Current Events · Daily Living · Relationship

Seeking an Educated Mind Instead of Emotional Reactions


Our nation is in a fragile state right now. The amount of anger, hate, destruction, hurt, and controversy swirling around is unlike anything I’ve seen in my adult lifetime. It scares me, saddens me, and burdens my heart when I feel helpless to do anything about it.

In reality what we all need most is the redemptive work of Christ in our hearts. Only He can transform our hardness of heart, our anger at “the other side,” our injustice, our unrest. We can talk of and work toward solutions, but in the end, if we don’t have Jesus, real, long-lasting change won’t happen.

But also: He calls believers to live in the midst of a broken, sinful, hurting world and to show by the way they live their lives that there is hope. And that hope is in Him. We are called to do something. We are called to make a difference. We are called to be lights in the dark places.

And one way we can do that is to become more educated about what is really going on and what the core values of the matters are.

I will fully admit that I have not been great about this most of my adult life. News, politics, and elections were all things that I approached casually without finding out much about them. I felt like I had far more interesting things to do with my life, and I skated around current events, knowing what my basic values were as far as those things went.

But I’ve been brought to a place in my life where that isn’t good enough anymore. And I have challenged myself to do something about it.

The wake-up call has come within the past few months when I have become increasingly alarmed at what I’ve been seeing on social media. It seems that people can form opinions based on a handful of memes, a viral Facebook post, or biased news sources. And so much of what I saw didn’t sit well with me. There were things I just couldn’t bring myself to agree with, but I couldn’t put my finger on why.

And I also didn’t feel educated enough about the issue to speak up myself. I felt I might end up saying something that wasn’t true or that was only based on my emotional reactions to social media feeds. But deep down, I felt frustrated over the lack of reason and logic that was coming out of some posts about panics, pandemics, and protests. The last two aren’t necessarily “bad” in and of themselves, it was just that some news and posts about them felt illogical.

So when faced with this feeling of unrest, I found I could do one of two things:

  1. Go on feeling angry and upset over things I couldn’t explain, including the fact that I felt like I couldn’t speak my objections without being villainized for them OR
  2. Educate myself about the issues, searching for truth based on reason and my values, which would give me the courage to stand up for them, even if others disagreed.

And as I’ve begun this journey, I have tried to listen to both sides of the arguments. I don’t want to exclusively listen to one type of news source over another, although I will end up listening to one more than the other. And as I do, I try to see the values and the contradictions that the “other side” has, because it certainly has both.

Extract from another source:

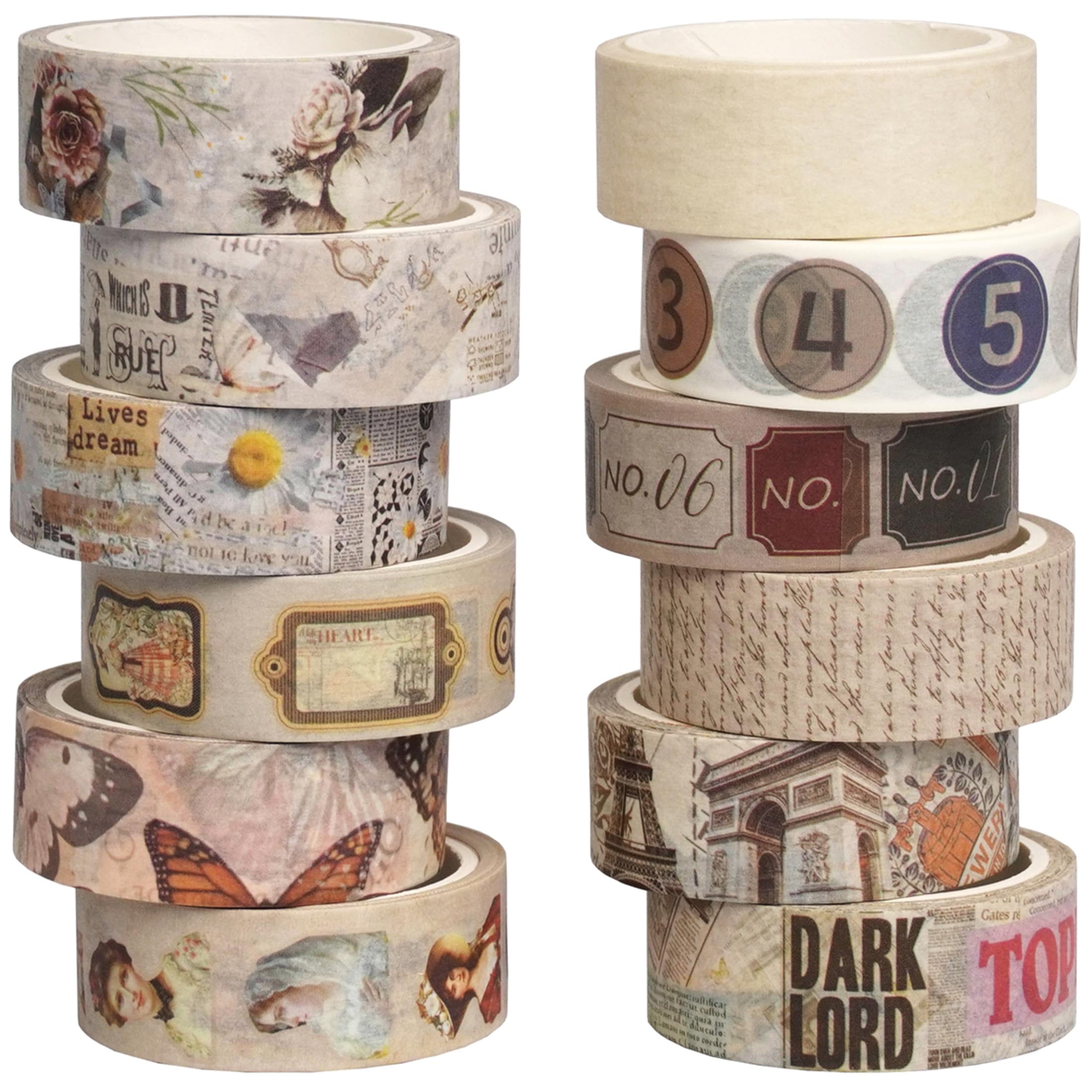 YUBBAEX 12巻 レトロ マスキングテープ セット ヴィンテージ美学 ワイド 和紙テープ アート/DIYクラフト/バレットジャーナル用品/プランナー/スクラップブック/カード/ギフトラッピングに

I understand the underlying values behind certain strong opinions. I see where that person is coming from, and I choose to believe they have the right intentions, even if I feel like their path of logic ends up contradicting itself or leads to a conclusion that I disagree with.

But I try my best not to “villainize” or stereotype those who hold opposing views from me, for herein lies one of our deepest problems as a nation – people aren’t willing to listen for one minute to a different perspective without getting angry about it. They don’t understand how someone could think differently from them without being an awful person.

At the bottom of it, I most likely share some of their same core values. And yet, I can still disagree with them because I might logically look at the matter another way, and the values might lead me in a different direction, based on what I believe the Bible says about it. Does this make me a bad person? Aside from my inherent sin nature, I would hope that I am also coming from a place of love and not actively trying to hurt another person.

If someone felt otherwise, I hope they would be able to approach me privately and ask to discuss further with me – which I would be happy to do. I might not have all the right answers, but I’m certainly on a path to know my beliefs and values better.

Wouldn’t we have a stronger society if more people sought to intentionally educate themselves about current topics instead of passively taking whatever looks good online?

Wouldn’t we have more thoughtful discussions if we learned to say things like, “I respectfully disagree with you and here’s why,” “I don’t have enough information on that yet to have an opinion,” “I think differently than you, but I still love you,” and “Can you tell me more about why you think that way?”

Wouldn’t we have a more powerful nation of voices if we searched for values based on truth and reason, not just on emotions and popular trends?

Let’s learn to stop censoring and blocking things we don’t like online like a child sticking his fingers in his ears and saying “la-la-la-la.” Let’s learn to allow different viewpoints to exist alongside each other, listen to one another, and see the worth of the actual person behind the online post.

It seems a difficult fight. But it also seems worth it to work towards healing in our nation.

I’m ready to jump in. And I pray that you might join me.